Before leaving the ballroom, we were able to chat with Sir Jeremy Irons. Irons starred in “Chinese Box” with Gong Li and Ruben Blades in a movie portraying the last days of colonial Hong Kong; it was June 1997. The movie dealt with the uncertainty of the handover, and so we asked him if that state of mind still has some meaning for him.
“Not really,” he said, adding that, “all I see [in Hong Kong] is pretty much the same, high rises and people making their lives, their money…”
He was in Macau for the first time 12 years ago to buy paintings. “The difference between then and now is that there are… so much more people !”
To end the show with a bang, Nicolas Cage told the Venetian crowd:
“China will be the biggest cinema studio in the world.”
Cage was probably talking about the Qingdao studios project led by China’s richest man, as recently reported by The Economist.
Wang Jianlin, the boss of Dalian Wanda, a Chinese multinational that made its money in the property business, wants to be a media mogul.
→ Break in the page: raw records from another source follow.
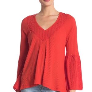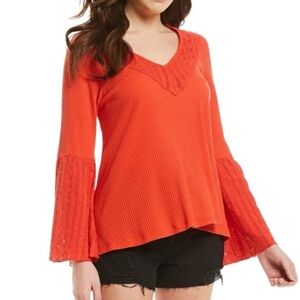 New Free People Crimson Red Ribbed Lace Bell Sleeve V Neck Top Shirt
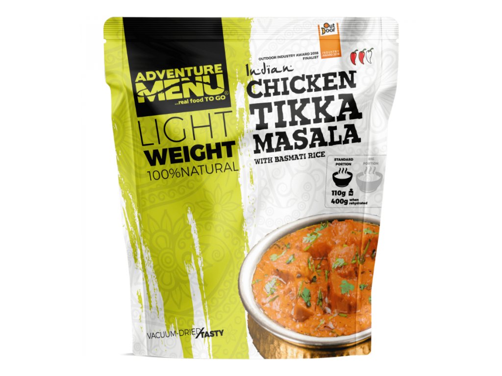 Kuře Tikka Masala s rýží basmati je oblíbená indická pochoutka vhodná na cesty. Celý pokrm se nejprve připravuje tradičním způsobem s využitím kvalitních ingrediencí. Poté přichází na řadu unikátní technologie sušení Vaccum-Dried Tasty®. Díky té si pokrm zachovává skvělou chuť a nutriční hodnoty. Zároveň při ní dochází k úspoře hmotnosti až o 80 %. Výsledný produkt se balí do praktických vakuových sáčků, díky kterým s sebou nenesete žádný vzduch navíc. Výsledkem je ultralehký pokrm, který využijete hlavně na cestách. Oceníte ho zejména v případech, kdy si s sebou chcete vzít výživné jídlo, ale zároveň šetříte prostor a každý gram, který ponesete na zádech. Skvěle se hodí na horskou turistiku, kempování nebo cyklistické výlety. Můžete si jej ovšem vychutnat i doma, když nemáte čas na vaření.
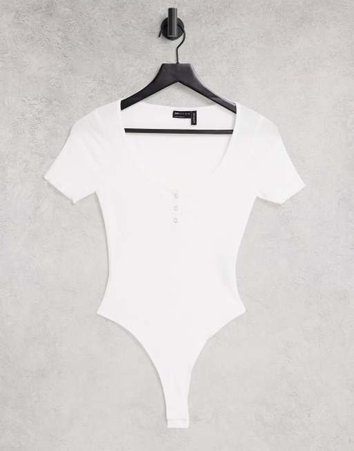 ASOS DESIGN – Białe body z krótkim rękawem i zatrzaskami z przodu
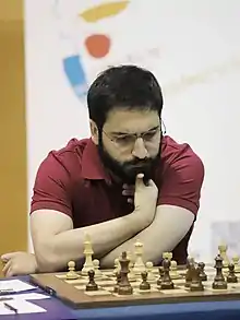 Born in Sharjah,[3] Saleh won three titles at the Asian Youth Chess Championships: under 14 in 2007,[4] under 16 in 2008,[5] and under 18 in 2009.[6] He won the Emirati Chess Championship in 2008,[7] 2011[8] and 2012,[9] and the Arab Chess Championship in 2008, 2014 and 2018. Salem Saleh won the Arab Individual Blitz Chess Championship 2017 and 2018. In August 2015, in Al Ain, he won both the Asian Chess Championship and the Asian blitz chess championship.[10] In 2017, he finished in a tie for first place in the 1st Sharjah Masters international championship with Wang Hao. B. Adhiban, Martyn Kravtsiv, Yuriy Kryvoruchko and S. P. Sethuraman.[11][12]
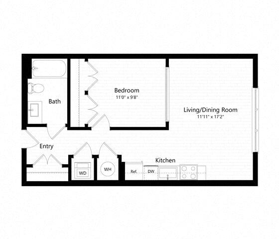 Studio | s03 - The Judd - Plano 3 Los planos son representaciones artísticas. Todas las dimensiones son aproximadas. El producto y las especificaciones reales pueden variar en tamaño o detalle. No todas las características están disponibles en cada vivienda en alquiler. Por favor, consulta con un representante para obtener más detalles.
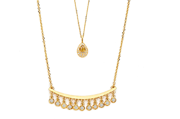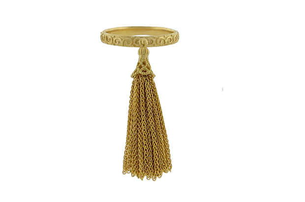We are seeing sexy, swingy, fringy details on all kinds of designs, from simple earrings to major necklaces. We’re talking tassels, full sweeps and micro-drapes in metal and stone. It’s fun and flirty and the movement is definitely eye-catching.
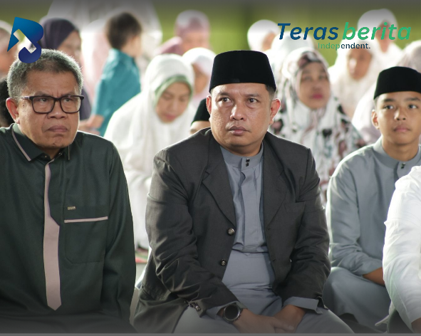 Terasberita-Makassar. Sekretaris DPRD Kota Makassar, A. Rahmat Mappatoba, bersama Ibu Ketua Dharma Wanita Persatuan (DWP) Sekretariat DPRD melaksanakan Sholat Idul Fitri di lapangan tenis kantor lama DPRD Kota Makassar.

Mr Wang announced plans to build a 50 billion yuan (USD8.2 billion) entertainment complex. The massive project, dubbed the Qingdao Oriental Movie Metropolis, would include 20 film studios, cinemas, a theme park, hotels and a wax museum. If all goes to plan, it will be open by mid-2017.
Legendary producer to direct today’s Huading Awards show
The former Oscars and Super Bowl producer, Don Mischer, will oversee China’s Huading Awards taking place this evening at the Venetian.
Mr Mischer produced or directed three Academy Award shows, two Olympics opening ceremonies, several Super Bowl halftime shows and the Obama Inaugural Celebration in Washington, D.C., in 2009. Now he is in Macau, China with “some of Hollywood with him,” as The Economist put it.
Veteran live-show producer Don Mischer has signed on “to oversee the revamp of China’s Huading Awards, a vote-based show that honors top Chinese talent in athletics and entertainment.”
Established in 2007 by Beijing-based media company Global Talents Media Group, the Huading Awards are held several times throughout the year at various Chinese locations, feting stars in all fields. Mischer is directing the recording of the event in Macau, which celebrates talent from film, TV, dance and music. Mischer said in an interview to Wall Street Journal that he “plans to work with Global Talents to bring the Huading show to Los Angeles in May 2014.”